Source – Journal of the American College of Cardiology
2. Rich in polyphenols = anti-inflammatory effects
High-quality extra virgin olive oil contains powerful polyphenols like oleocanthal and hydroxytyrosol. These have been shown to:
- Reduce markers of inflammation
- Improve endothelial (blood vessel) function
- Help prevent LDL (“bad cholesterol”) oxidation
Oleocanthal even has an effect similar to ibuprofen in the way it acts on inflammation pathways.
3. Supports healthy cholesterol levels
Regular EVOO intake is associated with:
- Lower LDL cholesterol
- Higher HDL cholesterol (the good kind)
- Improved blood lipid profiles overall
4. Bonus: Cognitive health
Ongoing research is exploring how EVOO may help reduce the risk of cognitive decline and Alzheimer’s. One 2022 study showed that people with higher EVOO intake had better memory and brain function scores over time.
What doesn’t count:
- The health benefits come from real extra virgin olive oil, not refined or “light” olive oils.
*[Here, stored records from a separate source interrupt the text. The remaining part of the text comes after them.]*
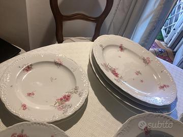 Srvizio piatti Ginori fine 800 mai usato composto da 72 pezzi:36 piatti piani,12 fondi,12 piccoli,4 ovali da portata,1 zuppiera,1 fondina,2 salsiere piccole,2 conchiglie antipasto e 2 alzate frutta modello Elena con attestato museo richard ginori della manifattura di doccia.Vista la difficolta’ relativa alla spedizione preciso che e’ previsto solo il ritiro presso la mia abitazione di roma.
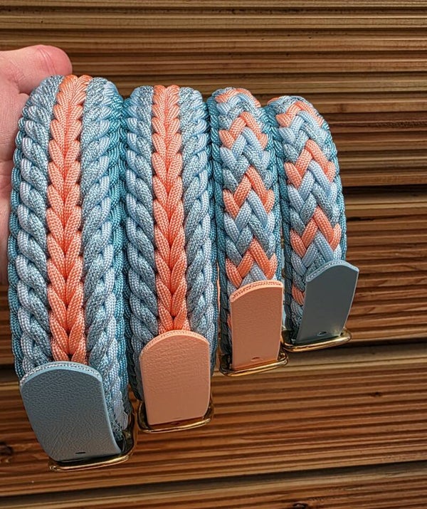 Wil je graag een bijpassende riem? Klik dan hier om een riem samen te stellen en voer de volgende kleuren in: Turquoise, Pastel Blauw (2x) en Blood Oranje + zilveren of gouden afwerking
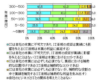 ITの利活用が本業にどの程度の影響を与えているか、すなわち、ITの重要性に関する経営者の認識である。 経営規模が小さくなるのにつれて、重要視されなくなる傾向がある。特に年商5億円未満の小規模企業においては「自社のビジネスとITとの関係を考えたことはない」という回答が突出している。年商5億円がIT活用の境界線になっている。
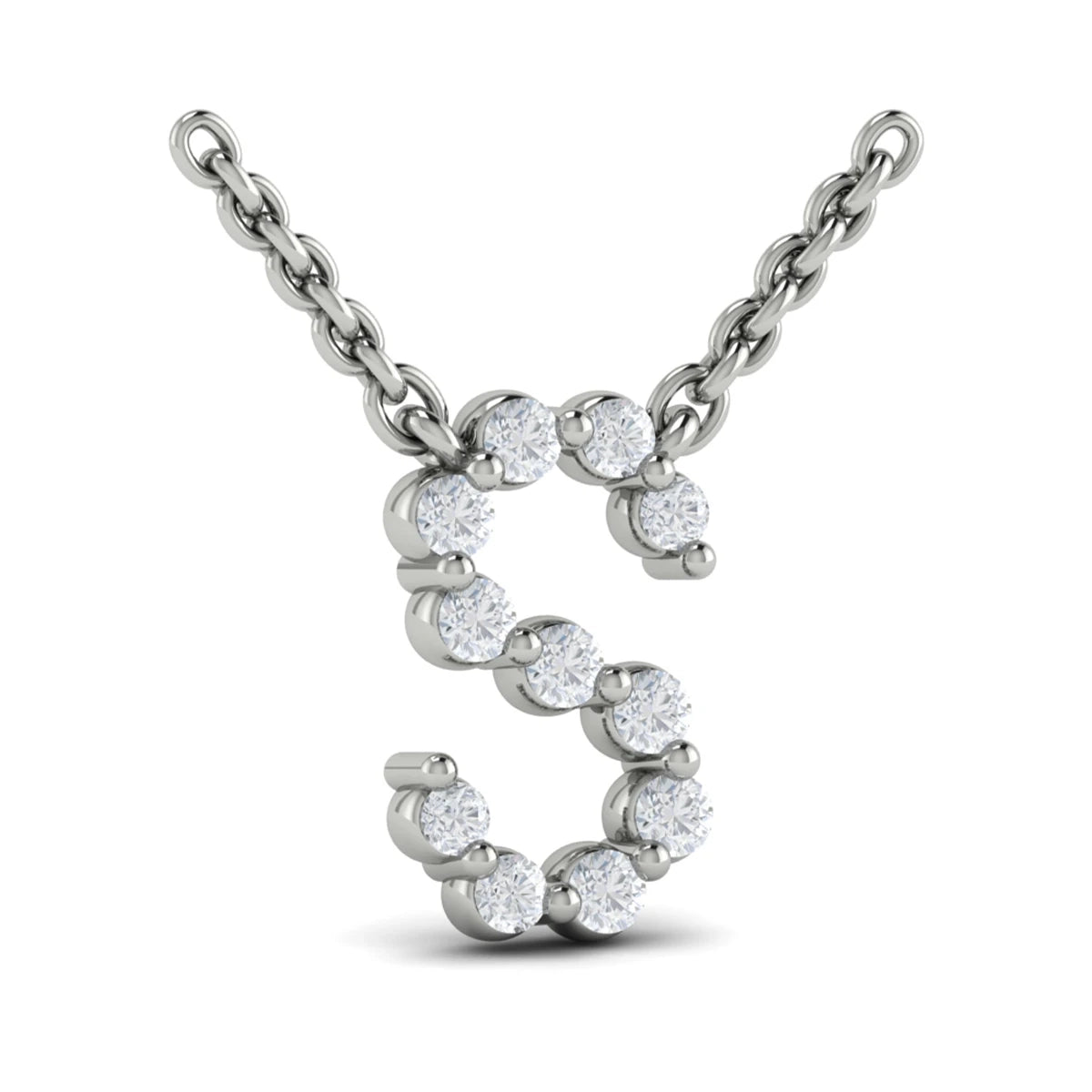 Diamond Alphabet Pendant Necklace, S White Gold

- To get the polyphenols, you need fresh, high-quality oil—preferably early harvest.
- Cooking with it is fine (yes, even frying), but don’t let it sit in a hot pan for too long or you lose some of the phenolic compounds.
Over to you:
Have you added EVOO to your daily diet for health reasons?
Have you noticed any changes? Or are you still skeptical?
Would love to hear your routine—whether you’re sipping it straight or drizzling it on everything from toast to yogurt.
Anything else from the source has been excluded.